I was taught from a very early age..  be very careful when holding anything hot...  when running a bath or shower to test the hot water with a finger quickly ran under the facet vs a whole hand stuck in it..

JLP, I have read every word in this thread, and re-read quite a bit of it.

On 06/11/2017 at 9:31 AM, Gerald Boggs said:

That's really not fair to her,

I have quoted two exceptionally intelligent members here at the risk of liability for my own humiliation, but here it is.

JLP, my older brother is a genius of extraterrestrial proportions - you remind me of him in some ways. 

One of his difficulties is that everything is easy for him.
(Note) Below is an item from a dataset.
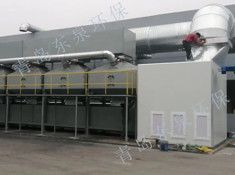 2.经过过滤后的废气,进入后续设备的吸附床,吸附净化的洁净气体排放烟囱,吸附在蜂窝活性炭上的有机物,利用高温气体(100~120℃)对其进行脱附。高温气体来源为后方CO燃烧后的高温空气与自然风混合生成。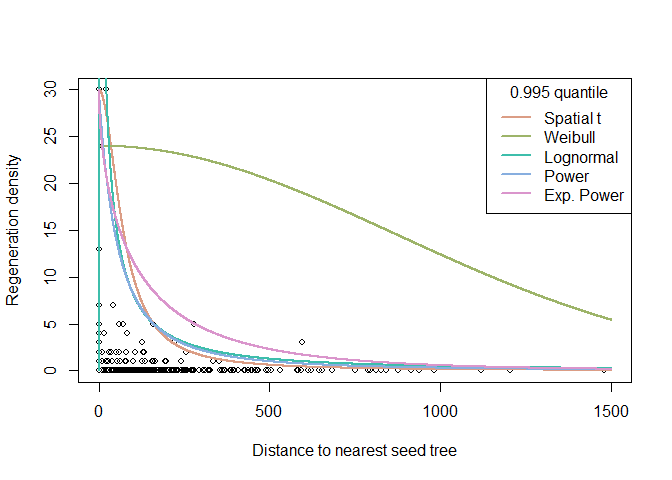 The results of the quantile regression for the different dispersal kernels can be visualised and compared. We are now ready to add the estimated functions to the plot. Since quax directly returns those functions, this is conveniently done with the curve function.

He gets flustered with the PHD's he works with, and is vexed by the "lack of native intelligence" (common sense) demonstrated by his BS and MS-degreed subordinates.

I acknowledge that you understand that it's OK that some of your students were not equipped to advance to the more hazardous levels of combat.......

I submit that the vast majority of people do not attain to your lower threshold for common sense.

I, too, am a passionate advocate for personal accountability.

I will rely here upon Mr Boggs assertion that the Defendant knew that it had inadequate safeguards in its distribution to the public of an inherently hazardous product.

I uncomfortably support this position.

I flout local ordinances when I install my own water heater - the median public intelligence does not comprehend that a water temperature above 120F presents a scalding hazard.

I despise the fact that it is unlawful for me to install my own light fixture, let alone a sub-panel, and yet I have a in-law who fancies himself an electrician, because a "real" electrician told him, "You don't need no meter, alls you got to do is lick your fingers"

Then there are the perfectly average normal people who want help reversing rotation on their motors, whilst having not an inkling about the house-burning, People-killing latent potential lurking in every household outlet.

While I find this litigious paradigm nauseating, but similarly, (sic)  trade unions were or may be a noble concept.

Darwin is indeed delighted at this age of technology in which we now dwell.